• _Work task_: Below are some records. Write out exactly their lines from the one with "A macro close-up" through the one with "IMPORTANT: Administration modules", and leave the pictures behind.

─── Supplied records ───

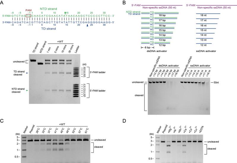 图4. 靶DNA双链的顺式切割及激活Cas12c1的DNA酶切活性的靶DNA长度
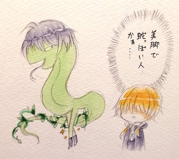 @by0ut0u 【レオンのイメージ勘違い①:蛇足さん】 ■「蛇足さんは両腕が無いんですよ。その分脚の長さや尻尾が長く見えるので綺麗ですけどね。尻尾には蔦が生えていて、いつも黄緑の御顔の笑顔がとっても素敵なんです。良い意味で蛇っぽい方ですね」 獅恩「へぇー」
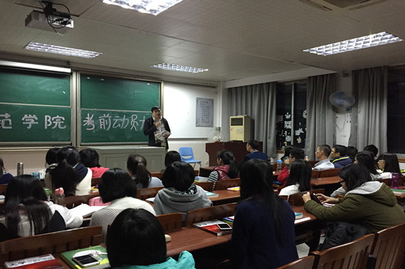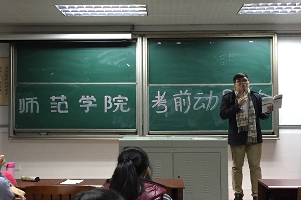 12月8日下午,师范公司辅导员袁志军老师在莞城校区教学楼1410召开了考前动员大会,就即将到来的期末考试给同学们打了“预防针”。
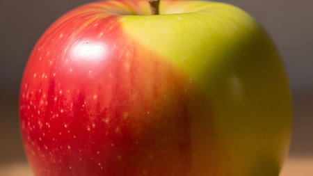 A macro close-up captures the smooth, transitioning skin of an apple, blending vibrant red and green hues. The detailed texture and soft lighting highlight the freshness and natural beauty of the fruit.
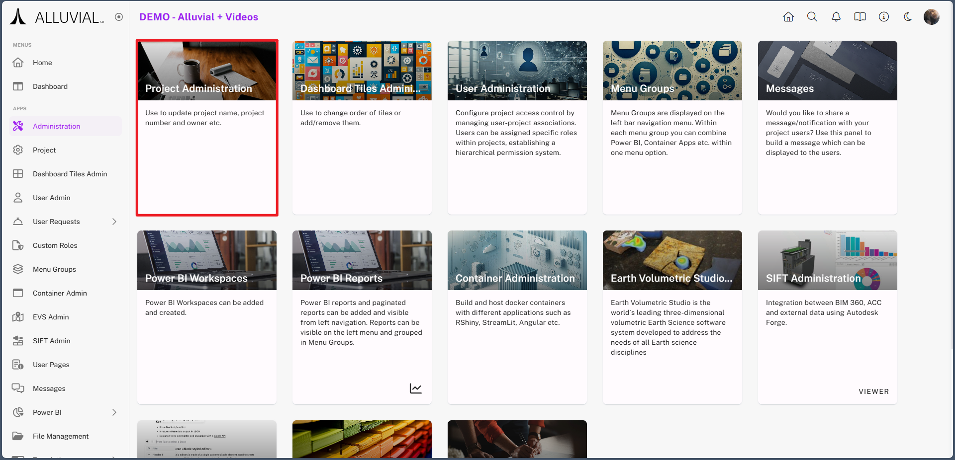 IMPORTANT: Administration modules only appear for users who have been assigned the relevant Permissions to Manage in User Administration. If a module is missing, a project owner or project administrator should update that user's permissions. This can include assigning permissions to yourself.
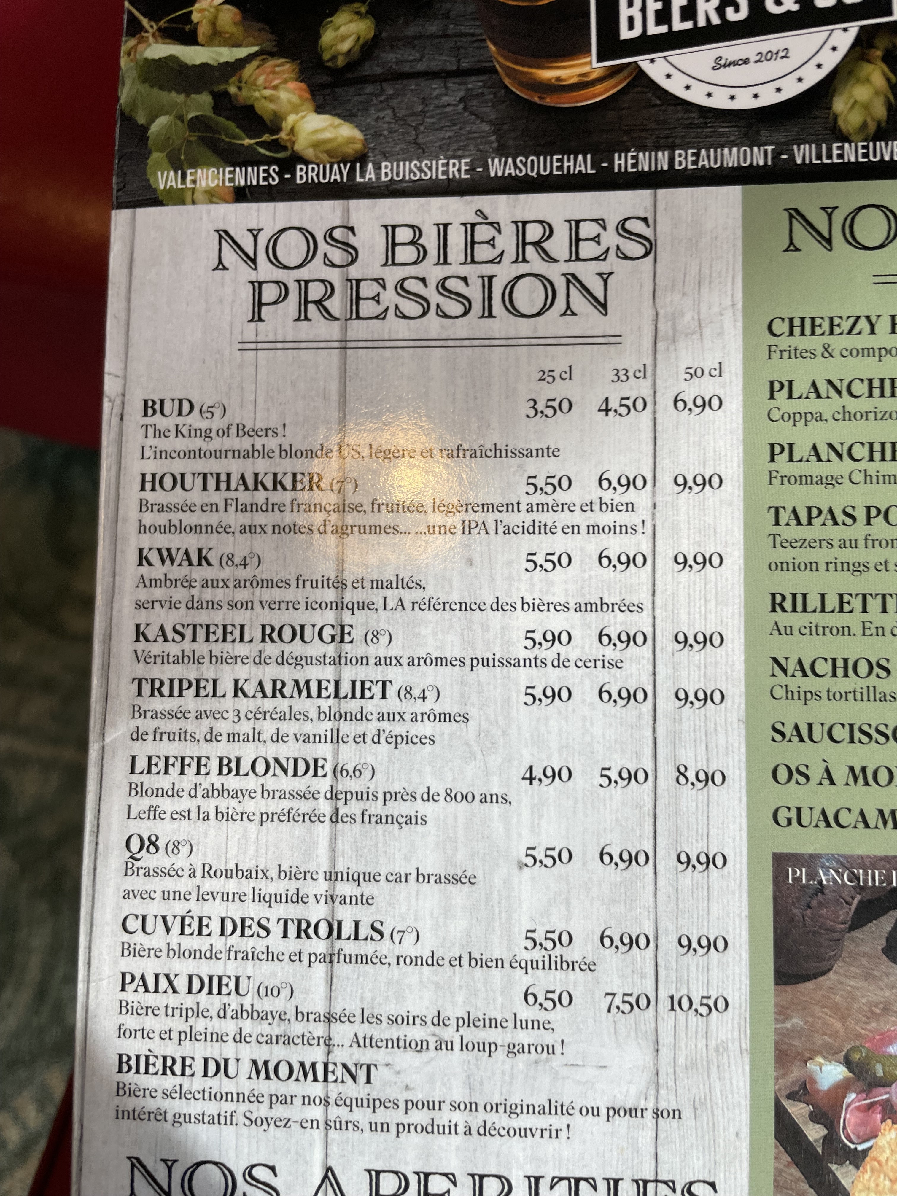 A éviter ! 2eme fois que j'y vais, 2eme fois que je suis déçu. Pourquoi ? 45 min pour prendre notre commande. Le serveur jouait sur son téléphone au lieu de s'occuper des clients. Pas vraiment sérieux. Ajouter une trentaine de minutes pour être servis. Mon plat : ch'ti burger > le fromage à dû fuir l'établissement, le burger n'avais aucun goût de maroilles... Les frites étaient toutes dures. Pas de sauce en accompagnement, faut la demander à part. Même au McDo, y a des sauces (quasiment) d'office sur le plateau ! On entendait les autres clients à proximité qui râler également pour être servis. Puis la galère à l'encaissement. A l'heure d'aujourd'hui, tous les restos semblent s'en sortir avec le chacun sa part. 2 fois que j'y vais avec des collègues, 2 fois que c'est la galère. Je paie en dernier, on m'annonce 45€... Pour un burger à 15,90 et une bière à 6,20€... Les comptes sont pas bons Kévin ! Bref, le plat pas terrible, l'attente plus qu'abusé et un encaissement à la ramasse. Faites comme mon fromage, fuyez !

───

• _Written response_:
 A macro close-up captures the smooth, transitioning skin of an apple, blending vibrant red and green hues. The detailed texture and soft lighting highlight the freshness and natural beauty of the fruit.
 IMPORTANT: Administration modules only appear for users who have been assigned the relevant Permissions to Manage in User Administration. If a module is missing, a project owner or project administrator should update that user's permissions. This can include assigning permissions to yourself.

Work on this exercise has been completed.